Une jeunesse Allemande semble aussi être un film en train de se faire. On peut noter un nombre considérable de caméras et de techniques cinématographiques dans ce film, surtout au début. On sent alors vraiment la nécessité de la technique pour pouvoir concevoir un film, pour créer, agir, s'exprimer, militer. Nous voyons de la pellicule ainsi que des bancs de montage, des images de caméra, des regards caméra ainsi que des films sur des tournages. Bien souvent les films que nous voyons sont faits par des étudiants, avec des étudiants-acteurs, et même parfois pour des étudiants, en tout cas des militants. Cela montre l'autonomie et la volonté qu’ils ont, seuls contre tous, de changer le système, d’aller vers un soulèvement des masses, de faire la révolution. Notons une chose assez tragique et belle à la fois : ils ont vraiment cru qu'ils pourraient faire la révolution avec le cinéma. Dans la séquence de la venue du Shah d’Iran par exemple, d'un côté, il y a la technique de la télévision officielle, qui utilise une voix off, qui ne voit que ce qu'elle veut voir et surtout qui nous montre que ce qu'elle veut que l'on voie, c'est pourquoi elle ajoute un commentaire mensonger visant à créer une atmosphère de peur, de crainte vis-à-vis des manifestants, et par conséquent visant à renforcer la confiance que les gens ont envers le gouvernement. C'est-à-dire que la télévision construit un réel correspondant à l'idéologie des gouvernants. De l'autre côté, Meinhof utilise des procédés filmiques - comme la répétition pour mieux voir un acte très bref : le coup de pied des policiers - pour montrer sa vérité et dénoncer la manipulation du gouvernement par la technique. Donc dans cette scène, et plus largement dans le film, nous pouvons comparer les différentes versions d'un même événement et nous faire notre propre avis quant aux traitements dits justes ou au contraire mensongers, manipulateurs.

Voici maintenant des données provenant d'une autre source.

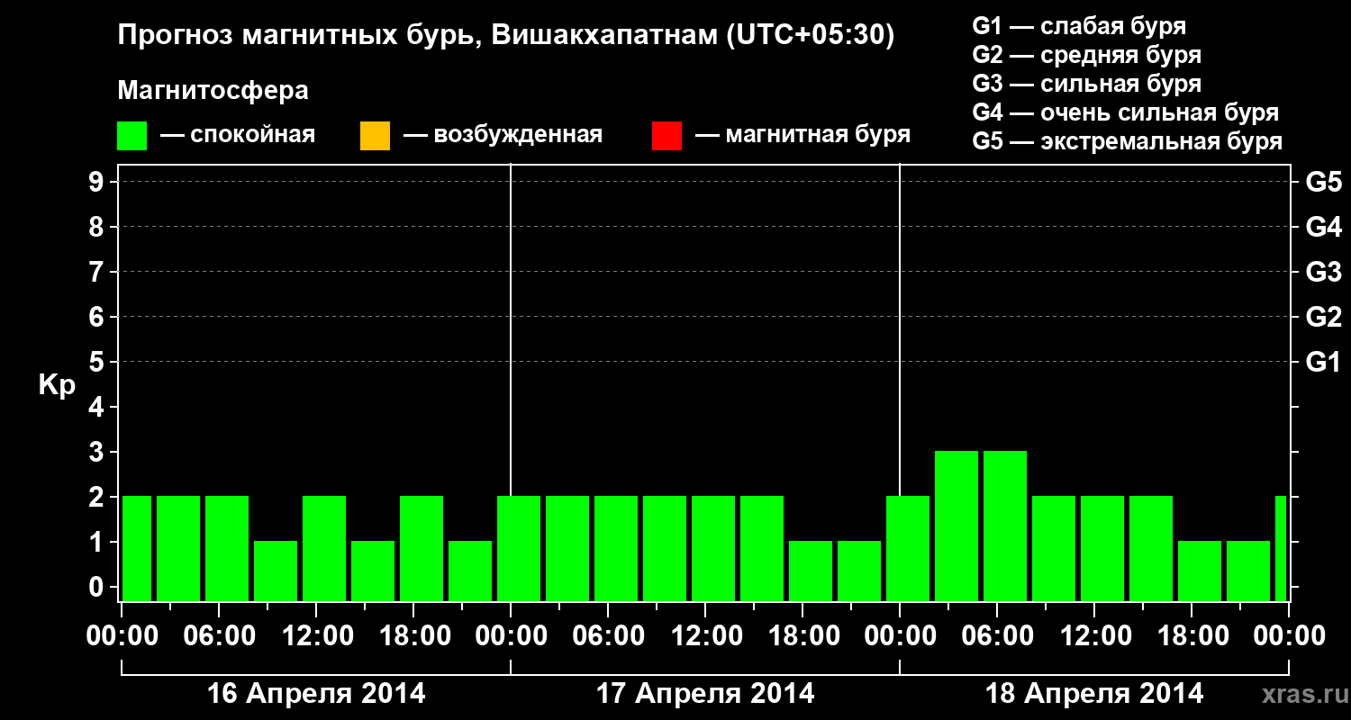 Прогноз магнитных бурь в Вишакхапатнаме — 16 апреля 2014 года

Une jeunesse allemande est ainsi un film réflexif, qui propose, de par l'usage des archives, un discours métafilmique. En effet, Jean-Gabriel Périot intègre dans son film des extraits de films, principalement de films engagés réalisés par les étudiants de la DFFB, qui portent en eux un discours sur le cinéma, en tant que les images constituent un discours. Ainsi, étant utilisés dans un film de cinéma, ils résonnent à l'échelle du film et créent un discours global sur le cinéma qui va dans le sens d'un cinéma social, engagé et politique.

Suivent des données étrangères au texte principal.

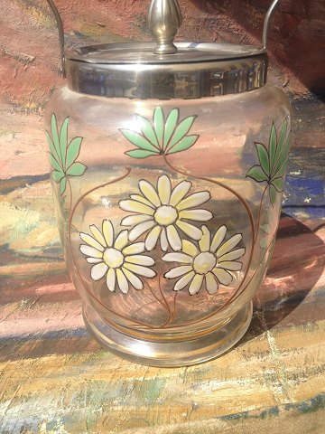 Kiksespand eller bisquitspand fra Fyns Glasværk med bemalet motiv med blomster. Nummereret på bunden. Fremstår i perfekt stand. 20 cm høj incl. Toppen af låget.

Le film s'ouvre sur de la pellicule sur une table de montage analogique, les outils de la création cinématographique sont tout de suite intégrés au film, accompagnés d'une question posée par Jean-Luc Godard : « Est ce qu'il est possible de faire des films en Allemagne aujourd'hui ? ». Ce dispositif d'ouverture pose immédiatement la question du cinéma, et indique le projet du film : répondre à cette interrogation, et par là, produire un discours sur le cinéma. Par son usage de l'archive, Jean-Gabriel Périot tente de construire une réponse à cette question qui soit à la fois historique : il dresse un portrait cinématographique de l'Allemagne dans les années 1970 ; mais également actuelle : il propose une réflexion sur le cinéma en se voulant réflexif par rapport à un passé cinématographique. Cette archive d'ouverture tient le rôle de médiation pour entrer dans le film, médiation entre le monde réel et le film. La dernière archive du film, le générique parlé d'un des films des étudiants de la DFFB, a ce même rôle, inversé. Elle agit elle aussi comme une médiation à la sortie du film. Le film indique lui-même qu'il se termine là, il se dénonce dans sa matérialité de film, et par le discours méta que cela crée, nous y introduit puis nous permet d'en sortir. Le film semble alors construit sur une sorte de boucle.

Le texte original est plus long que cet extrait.